Consequentemente, o Estado, atendendo ao clamor advindo das elites ou dos “cidadãos de bem”, pela visão reducionista antes relatada, passa a reprimir por meio de seu aparato jurídico e policial os que já havia alijado. Assim, “os violentados passam a ser encarados como violentos” (NETO; MOREIRA, 1999, p. 39).

Nesse cenário, no qual a distância entre o poder público e a sociedade tende a ficar mais tênue, resplandece a viabilidade de um maior controle sobre as políticas públicas, principalmente as municipais. Assim, a análise da violência estrutural e de seus aspectos característicos, em nosso caso as condições de grupos de catadores do município de Estrela, passa pela análise da política pública adotada e seus reflexos na realidade local.

Diante das massas de excluídos, mesmo considerando a banalização das diferentes formas de violência, as questões sociais demandam a reflexão e ação frente às suas diferentes necessidades. Evitar o acirramento das questões sociais é tarefa e desafio de todos os setores da sociedade envolvidos na construção da democracia como um valor humano de garantia universal de direitos sociais, políticos e jurídicos.

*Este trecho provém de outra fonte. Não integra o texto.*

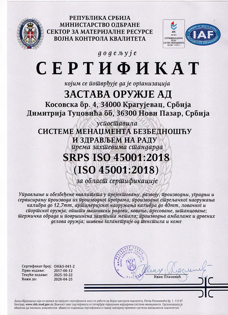 У месецу јуну 2017. године, Застава оружје АД је, поред сертификата стандарда система менаџмента квалитетом (СРПС ИСО 9001:2008 и СОРС 9000/14), стекла сертификате о усклађености са захтевима стандарда:
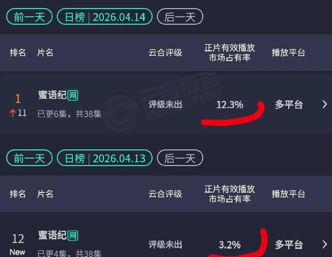 由钟汉良与朱珠领衔主演的都市情感剧《蜜语纪》自开播以来便引发广泛关注,次日即以12.3%的市场占有率登顶云合数据榜首,卫视收视率更是一路飙升刷新年度纪录,俨然成为年度剧王的有力竞争者。
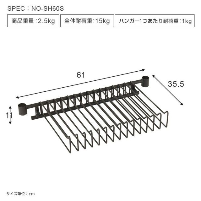 NO-SH60S/本体×1、ハンガー×15本、ストッパー×2個、スリーブ×2組(+予備1組)
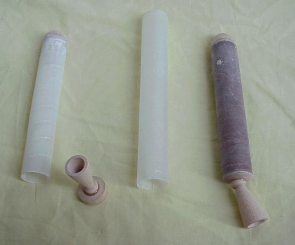 da der erste Booster schon 55g wog, habe ich mich kurz entschlossen, keine laminierten Papprollen (Gemüsestand Supermarkt) mehr zu verwenden, sondern nur 2 Lagen GFK. Die Spitze und die Düse sind gedrechselt und so weit es möglich war ausgebohrt. Folgende Datei wurde angehängt: |
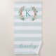 This fun trendy design features a mint and white striped background with colourful floral wreath. Personalise the design with your name and monogram or other text. Use the design tools to choose any background colour, edit the text fonts and colours or upload your own photos to create a unique custom printed beach towel for kids.
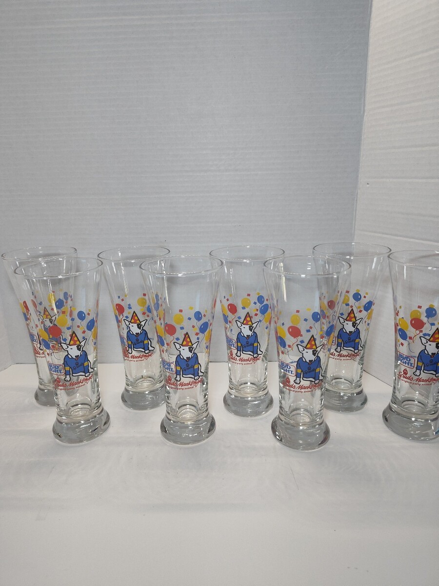 8 Vtg Spuds Mackenzie Party Animal 7" Pilsner Glasses 1987 Budweiser Beer - MINT
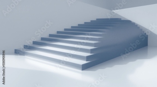 Blue pedestal of stairs or podium stand isolated on white background with business growth concept. Modern blue ladder display. 3D rendering
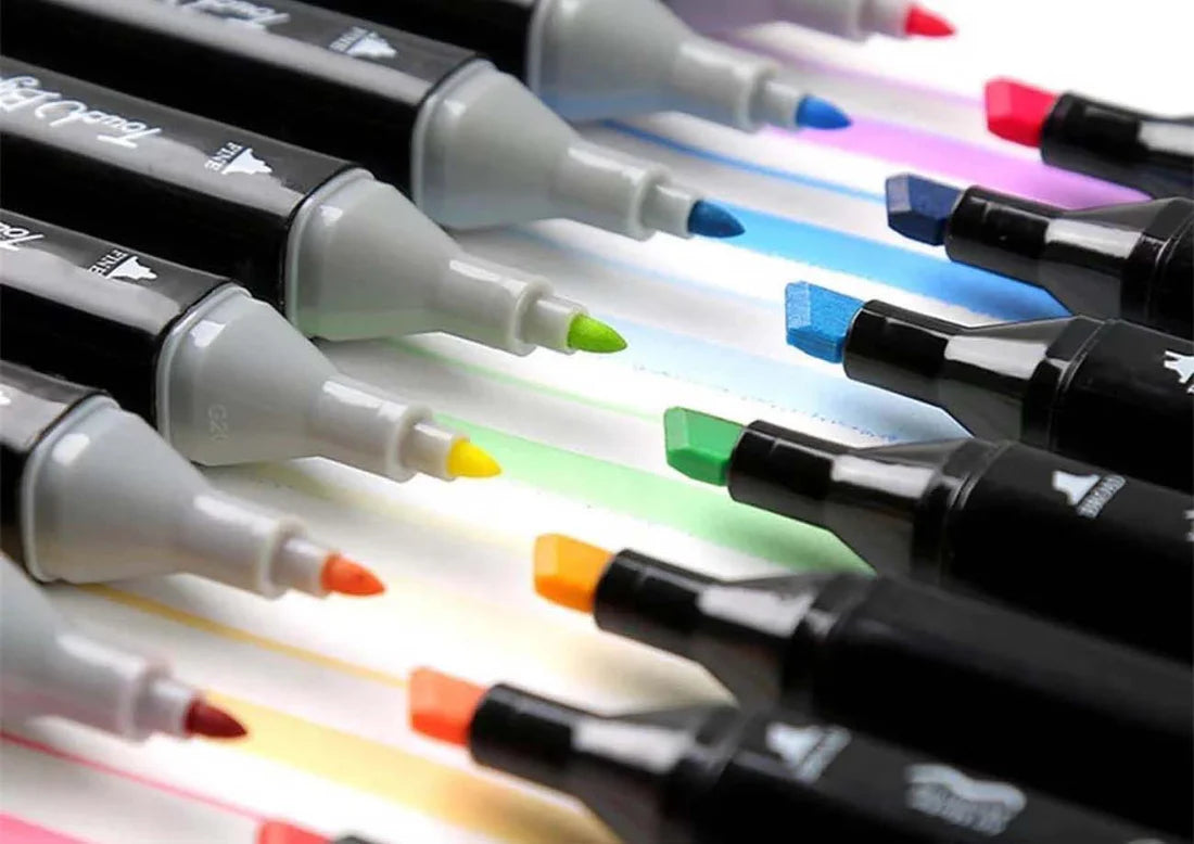 Estojo com 30 canetas de feltro de ponta dupla, com tintas à base de álcool de desempenho superior.

Tal empreitada, no entanto, necessita rever as práticas do passado e do presente, que estão impregnadas do assistencialismo e do clientelismo que têm como pressuposto a manutenção do status quo (NETO; MOREIRA, 1999, p. 51).

A violência estrutural, portanto, refere-se às situações adversas que demonstram a falta de respeito para com o ser humano, a miséria, o trabalho escravo e precoce, a falta de escola, de moradia, de saneamento básico, as quais retratam o Estado brasileiro, denotando que não basta crescer economicamente, e que é indispensável investir em programas de inclusão social.

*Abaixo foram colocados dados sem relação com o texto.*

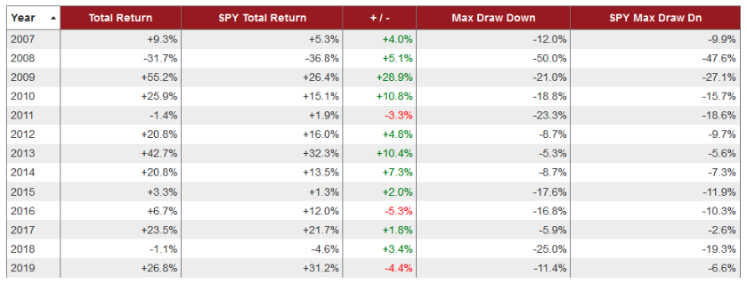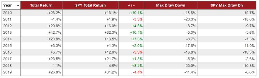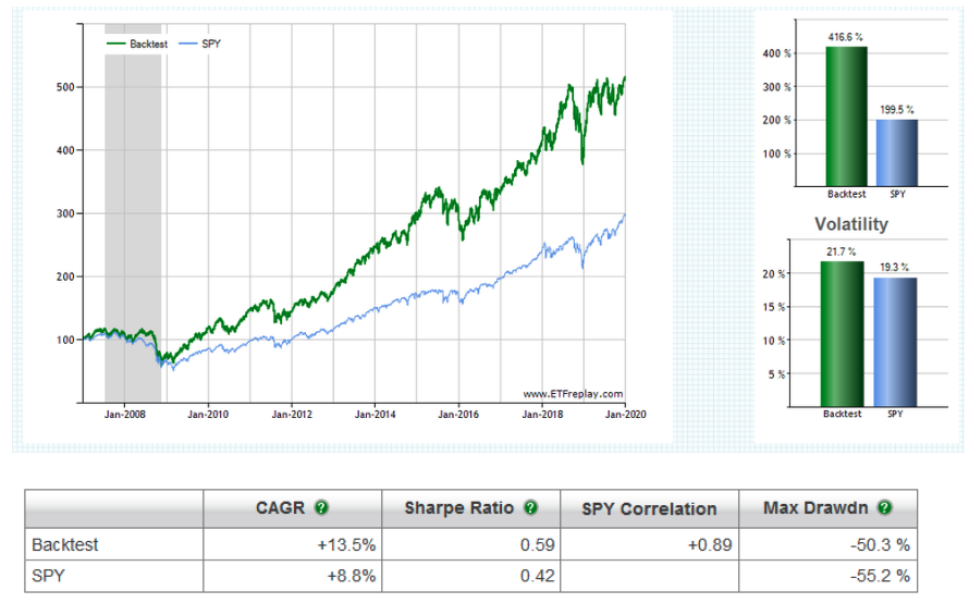 โดย SPY มีผลตอบแทนต่อปีอยู่ที่ 8.8% แต่ กลยุทธ์ทำได้อยู่ที่ 13.5% โดยสามารถเอาชนะ ไปได้ 10 ปี และแพ้เพียง 3 ปีเท่านั้น
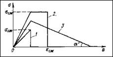 1 - хрупкой; 2 - упругопластической с ограниченной пластической деформацией; 3 - характеризующейся постепенным снижением сопротивления за пределом прочности.
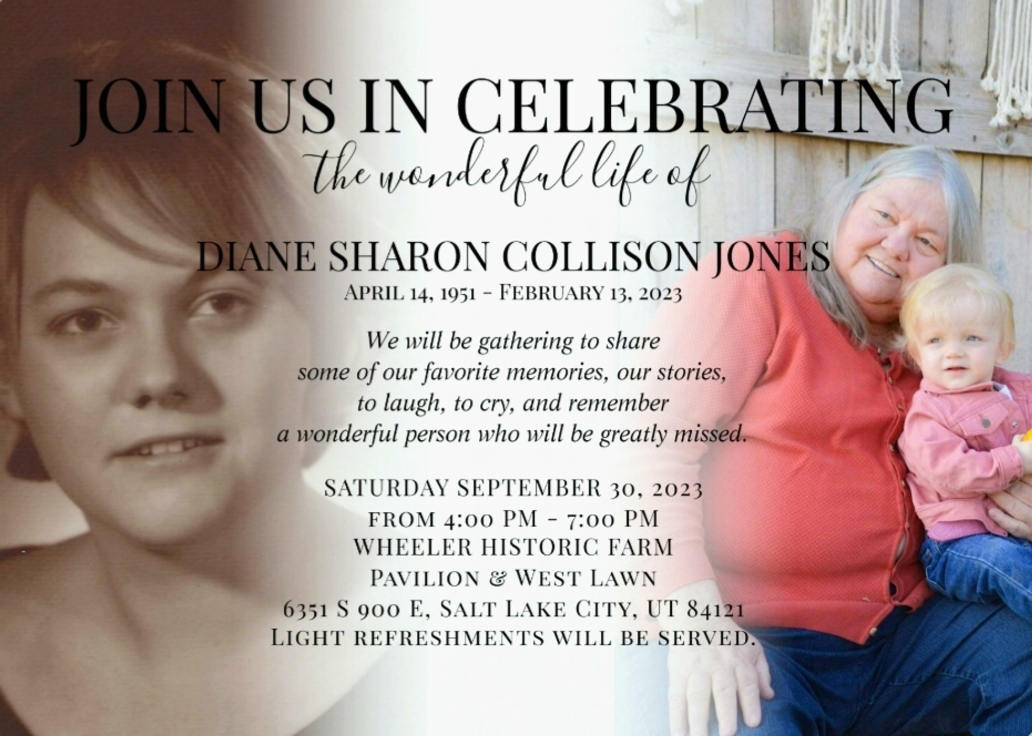 Diane is survived by her daughter, Amber Michelle Jones Waddoups (Tony), granddaughter Oakley Diane Collison Waddoups, former son-in-law ...

A violência estrutural requer, em primeiro lugar, a conscientização de sua existência e, consequentemente, a implementação e avaliação de políticas públicas que promovam intervenções efetivas, com a participação social. Logo, o combate à violência estrutural passa pela busca da repartição igualitária de poder e de recursos, restando, por conseguinte, intimamente ligada à teoria do desenvolvimento e da sustentabilidade.

Consideramos que os problemas precisam ser revelados, os programas sociais conhecidos, para que o conhecimento científico possa contribuir na criação de possibilidades para enfrentar, interromper e superar a violência estrutural a partir da construção da cidadania.